Вместе с тем данные о гендерной специфике речевого поведения весьма противоречивы, на что еще в 1974 году указали психологи Маккоби и Джеклин[12], проанализировавшие практически все имевшиеся на тот момент экспе риментальные труды по различиям в речи женщин и мужчин. Сегодня считается, что гендерные особенности должны рассматриваться в сочетании со статусом, социальной группой, уровнем образования, ситуативным контекстом и т. д., а также с учетом меняющейся ситуации в обществе. Например, в японском языке есть культурно закрепленная традиция и ранее обязательная традиция речевых различий между мужчинами и женщинами, что выражается в употреблении разных суффиксов, разных наименований одних и тех же предметов и т. п. Отмечено, однако, что молодые работающие японки отказываются от так называемого «женского языка» и пользуются «мужскими» речевыми средствами.
2. Изучение наименований лиц женского и мужского пола, категории рода и связанных с ней проблем референции.
Интерес к способам номинации лиц разного пола и к категории рода как таковой имеет глубокие корни: соотношение категории грамматического рода и экстралингвистической категории пол рассматривалось в рамках морфологии, грамматики, лексикологии.
Лексикон естественного языка, его номинативная система является одним из важнейших объектов гендерных исследований. Весьма значительно количество работ, посвященных как наименованиям лиц, так и наименованиям лиц женского и мужского пола. Наиболее часто цитируется труд Н. А. Янко-Триницкой[13], в котором отмечается, что в досоветское время предпочтительны были номинации лица с учетом пола (крестьянин / крестьянка), а после революции общественный дискурс постепенно перешел к преимущественному употреблению форм мужского рода по отношению к лицу любого пола. Проблему пола и его отражения в языке рассматривает М. А. Кронгауз[14]; категорию рода и вопрос ее соотнесенности с категорией пола системно освещает А. М. Шахмайкин[15]. В этих и других работах приводятся данные об именах существительных, обозначающих лиц мужского и женского пола, рассматриваются их происхождение и время возникновения в системе языка в связи с явлениями синонимии и дублетности, процессы метафоризации во взаимосвязи с категорией рода, влияние экстралингвистических факторов на развитие системы наименований лиц женского пола, история развития таких наименований, функции категории рода. Рассмотрение названных проблем отличалось от феминистской постановки вопроса большей политической нейтральностью, более существенным учетом интралингвистических процессов (аналогии, фонетических закономерностей и т. д.). Вместе с тем они не игнорируют и экстралингвистическую обусловленность возникновения ряда номинаций, особенно для обозначения лиц женского пола.
С середины девяностых годов ХХ века в отечественной гуманитарной науке начинается бурное развитие собственно гендерных исследований. Первоначально гендерная проблематика увлекла молодых ученых. В лингвистических кругах исследователи отнеслись к ней с большой долей скептицизма, что, возможно, связано с неприятием феминистской составляющей.

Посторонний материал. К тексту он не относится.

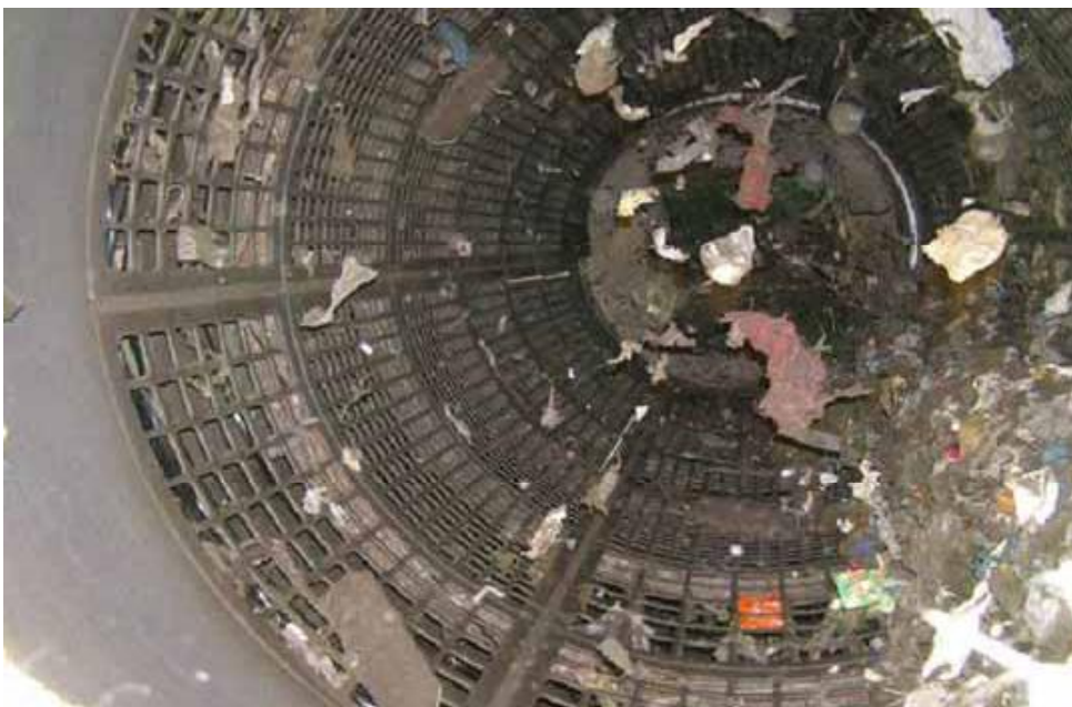
Figure 2: Waste separation using a trommel screen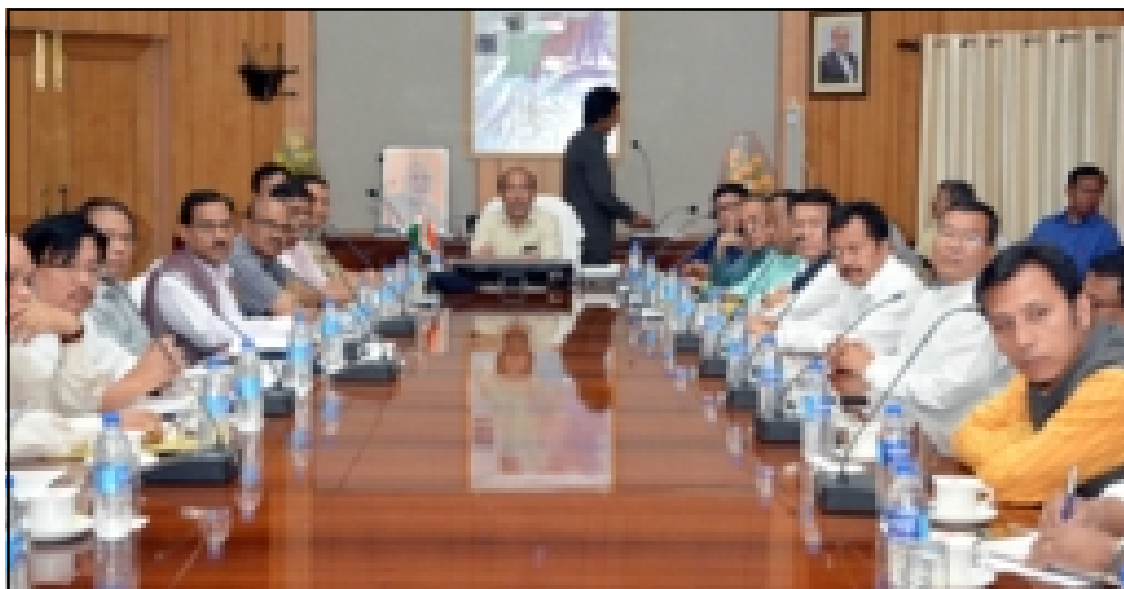
Imphal, May 05, 2017: Hokolbarnü Imphal nung Manipur Chief Minister, Nongthombam Biren Singh (tiyong)-i Tamenglong aser Noney district na nungi Cabinet Minister tem, MLA tem, district ketdangsertem, Heads of departments aser district level ketdangsertem den senden amenba noksa nung angur. Iba senden nung Tamenglong aser Noney district na nung terenlok project balala repringshiba den külemi sorkar department balala nung tashimait onüktem nung o lemtepa liasü.

На начальном этапе науч ного освоения гендерной проблематики исследования развивались недифференцированно, в центре внимания ученых находились общеметодологические вопросы, в частности онтологический статус гендера.
В современной отечественной науке наблюдается большое разнообразие методологических установок в изучении гендера, восходящее к различному пониманию его сущности в дискуссиях сторонников био- и социодетерминистского подходов. Первоначально систематизировались концепции зарубежных ученых, обсуждались возможности применения ряда зарубежных методов и методик на материале русского языка, собирался и обобщался материал отечественных исследований, относящихся к гендерной проблематике. Прагматика и семантика категории рода стали темой ряда диссертационных исследований. Категория рода в русском языке подверглась также психолингвистическому анализу. Иными словами, происходило осмысление пола не только как природного, но и как конвенционального феномена. В контексте такого подхода были сформулированы общие принципы гендерных исследований, важнейший из которых — признание конвенциональности гендера, неодинаково проявляющейся в различных культурных и языковых сообществах на различных этапах их развития.
Сегодня можно утверждать, что в российском языкознании сложилось собственное, несколько отличное от западных течений, научное направление по изучению гендерных аспектов языка и коммуникации — лингвистическая гендерология, или гендерная лингвистика. Свидетельством тому может служить появление значительного количества публикаций по гендерной проблематике на материале не только западных, но и русского и других языков, ранее не подвергавшихся анализу с гендерной точки зрения. Кроме того, регулярно проводятся конференции, семинары и другие научные форумы, появляются периодические издания, создаются научные подразделения, занимающиеся изучением гендера.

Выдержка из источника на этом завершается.